= WHAT YOU WILL DO =
Nothing outside the range is to be copied. From the entries below, reproduce exactly the lines starting at the one with "Rustic String Lights" and ending at the one with "Chacun des marqueurs", without pictures.

= DATA TO EXAMINE =
· · ·

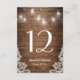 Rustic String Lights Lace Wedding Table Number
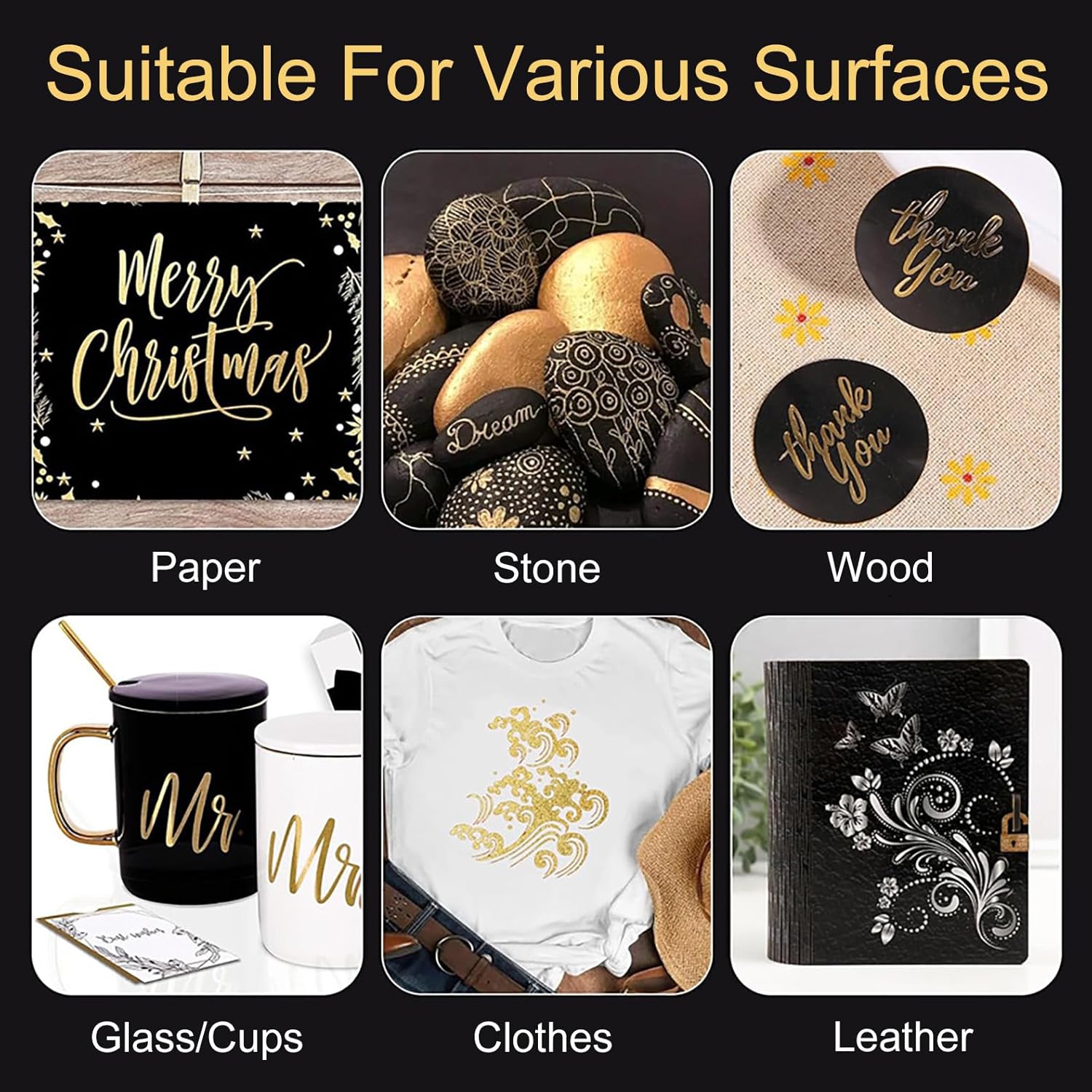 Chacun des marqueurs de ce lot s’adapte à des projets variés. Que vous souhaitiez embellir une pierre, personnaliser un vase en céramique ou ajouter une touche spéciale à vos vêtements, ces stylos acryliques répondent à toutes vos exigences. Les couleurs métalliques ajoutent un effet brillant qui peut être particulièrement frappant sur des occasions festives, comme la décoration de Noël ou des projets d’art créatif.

· · ·

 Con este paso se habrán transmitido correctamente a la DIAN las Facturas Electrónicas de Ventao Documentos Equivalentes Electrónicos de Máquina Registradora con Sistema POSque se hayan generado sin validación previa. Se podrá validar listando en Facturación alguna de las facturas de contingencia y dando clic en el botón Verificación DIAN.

· · ·

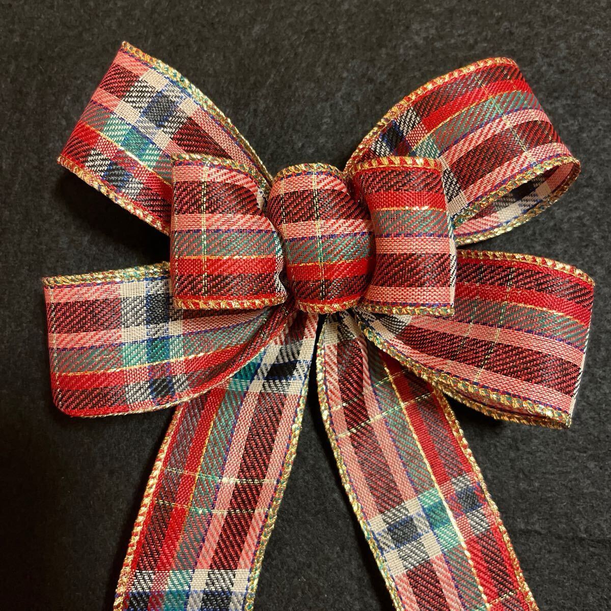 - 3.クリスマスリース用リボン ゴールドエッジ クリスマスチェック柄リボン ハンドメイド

· · ·

= WORKED SOLUTION =
 Rustic String Lights Lace Wedding Table Number
 Chacun des marqueurs de ce lot s’adapte à des projets variés. Que vous souhaitiez embellir une pierre, personnaliser un vase en céramique ou ajouter une touche spéciale à vos vêtements, ces stylos acryliques répondent à toutes vos exigences. Les couleurs métalliques ajoutent un effet brillant qui peut être particulièrement frappant sur des occasions festives, comme la décoration de Noël ou des projets d’art créatif.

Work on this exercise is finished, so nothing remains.